→ What needs to be done
The entries shown here must be retyped in full, with no pictures included.
[[ Dataset extract open ]]
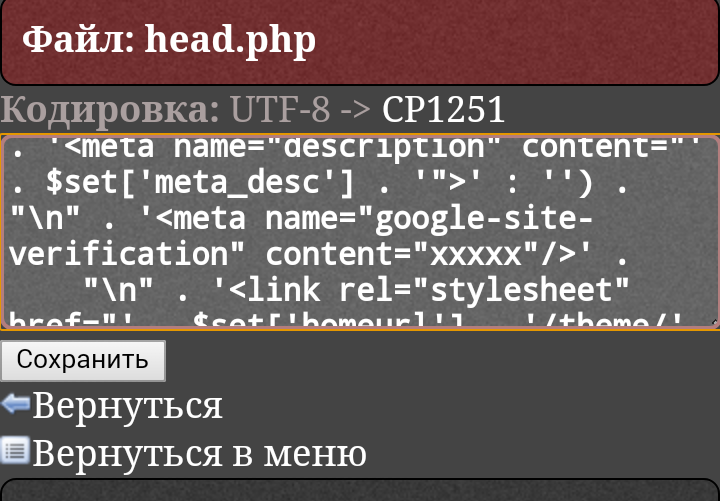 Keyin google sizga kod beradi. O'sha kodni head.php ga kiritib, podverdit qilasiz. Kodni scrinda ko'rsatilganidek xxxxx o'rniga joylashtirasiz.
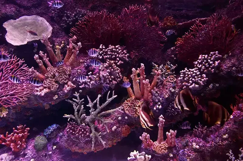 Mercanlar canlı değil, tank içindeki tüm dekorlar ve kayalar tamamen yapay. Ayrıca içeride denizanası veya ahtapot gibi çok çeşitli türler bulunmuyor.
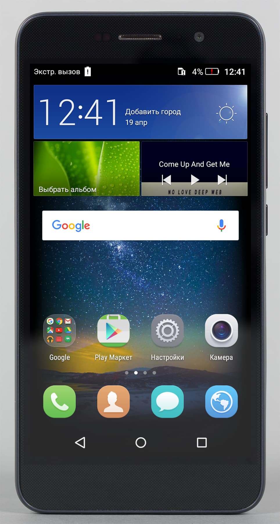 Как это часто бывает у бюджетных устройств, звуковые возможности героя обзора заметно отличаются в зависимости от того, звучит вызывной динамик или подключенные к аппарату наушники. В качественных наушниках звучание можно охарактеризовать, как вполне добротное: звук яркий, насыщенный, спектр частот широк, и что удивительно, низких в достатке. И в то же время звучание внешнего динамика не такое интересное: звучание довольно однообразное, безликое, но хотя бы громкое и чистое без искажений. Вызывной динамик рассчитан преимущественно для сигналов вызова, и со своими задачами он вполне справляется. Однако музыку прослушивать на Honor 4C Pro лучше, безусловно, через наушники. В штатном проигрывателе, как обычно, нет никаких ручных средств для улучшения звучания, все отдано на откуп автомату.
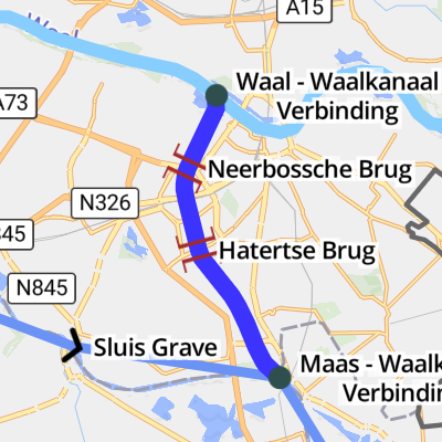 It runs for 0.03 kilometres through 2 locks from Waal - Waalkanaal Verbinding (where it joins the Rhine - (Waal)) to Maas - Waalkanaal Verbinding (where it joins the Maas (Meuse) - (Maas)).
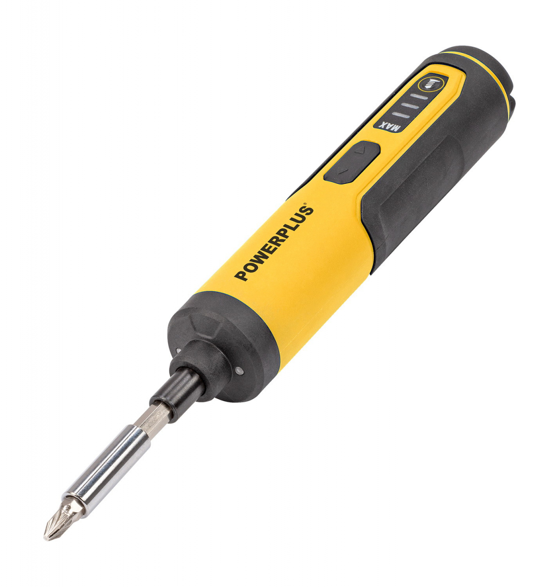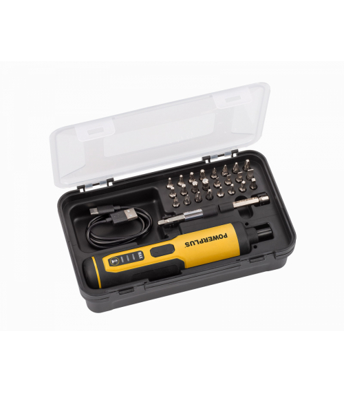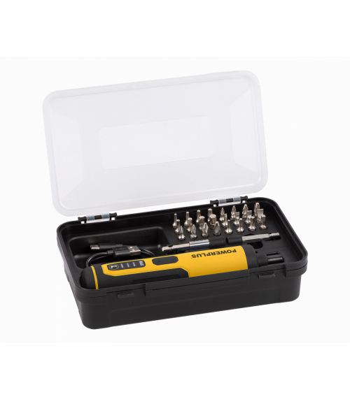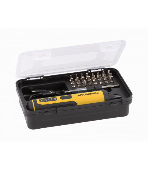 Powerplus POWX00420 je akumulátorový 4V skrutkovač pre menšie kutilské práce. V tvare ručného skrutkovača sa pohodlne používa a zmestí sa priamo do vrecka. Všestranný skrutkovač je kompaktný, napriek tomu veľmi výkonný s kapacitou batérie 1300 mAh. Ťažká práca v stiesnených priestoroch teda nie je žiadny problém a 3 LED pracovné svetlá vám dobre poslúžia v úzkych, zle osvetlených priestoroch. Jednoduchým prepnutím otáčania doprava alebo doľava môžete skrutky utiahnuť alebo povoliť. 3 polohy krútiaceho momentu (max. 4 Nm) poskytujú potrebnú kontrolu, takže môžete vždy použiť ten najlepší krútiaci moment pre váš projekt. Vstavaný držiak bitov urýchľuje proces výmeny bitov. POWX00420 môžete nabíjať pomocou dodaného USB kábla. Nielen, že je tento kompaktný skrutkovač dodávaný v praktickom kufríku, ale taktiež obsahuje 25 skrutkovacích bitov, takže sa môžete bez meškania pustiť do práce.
[[ Dataset extract closed ]]
→ Task answer
 Keyin google sizga kod beradi. O'sha kodni head.php ga kiritib, podverdit qilasiz. Kodni scrinda ko'rsatilganidek xxxxx o'rniga joylashtirasiz.
 Mercanlar canlı değil, tank içindeki tüm dekorlar ve kayalar tamamen yapay. Ayrıca içeride denizanası veya ahtapot gibi çok çeşitli türler bulunmuyor.
 Как это часто бывает у бюджетных устройств, звуковые возможности героя обзора заметно отличаются в зависимости от того, звучит вызывной динамик или подключенные к аппарату наушники. В качественных наушниках звучание можно охарактеризовать, как вполне добротное: звук яркий, насыщенный, спектр частот широк, и что удивительно, низких в достатке. И в то же время звучание внешнего динамика не такое интересное: звучание довольно однообразное, безликое, но хотя бы громкое и чистое без искажений. Вызывной динамик рассчитан преимущественно для сигналов вызова, и со своими задачами он вполне справляется. Однако музыку прослушивать на Honor 4C Pro лучше, безусловно, через наушники. В штатном проигрывателе, как обычно, нет никаких ручных средств для улучшения звучания, все отдано на откуп автомату.
 It runs for 0.03 kilometres through 2 locks from Waal - Waalkanaal Verbinding (where it joins the Rhine - (Waal)) to Maas - Waalkanaal Verbinding (where it joins the Maas (Meuse) - (Maas)).
 Powerplus POWX00420 je akumulátorový 4V skrutkovač pre menšie kutilské práce. V tvare ručného skrutkovača sa pohodlne používa a zmestí sa priamo do vrecka. Všestranný skrutkovač je kompaktný, napriek tomu veľmi výkonný s kapacitou batérie 1300 mAh. Ťažká práca v stiesnených priestoroch teda nie je žiadny problém a 3 LED pracovné svetlá vám dobre poslúžia v úzkych, zle osvetlených priestoroch. Jednoduchým prepnutím otáčania doprava alebo doľava môžete skrutky utiahnuť alebo povoliť. 3 polohy krútiaceho momentu (max. 4 Nm) poskytujú potrebnú kontrolu, takže môžete vždy použiť ten najlepší krútiaci moment pre váš projekt. Vstavaný držiak bitov urýchľuje proces výmeny bitov. POWX00420 môžete nabíjať pomocou dodaného USB kábla. Nielen, že je tento kompaktný skrutkovač dodávaný v praktickom kufríku, ale taktiež obsahuje 25 skrutkovacích bitov, takže sa môžete bez meškania pustiť do práce.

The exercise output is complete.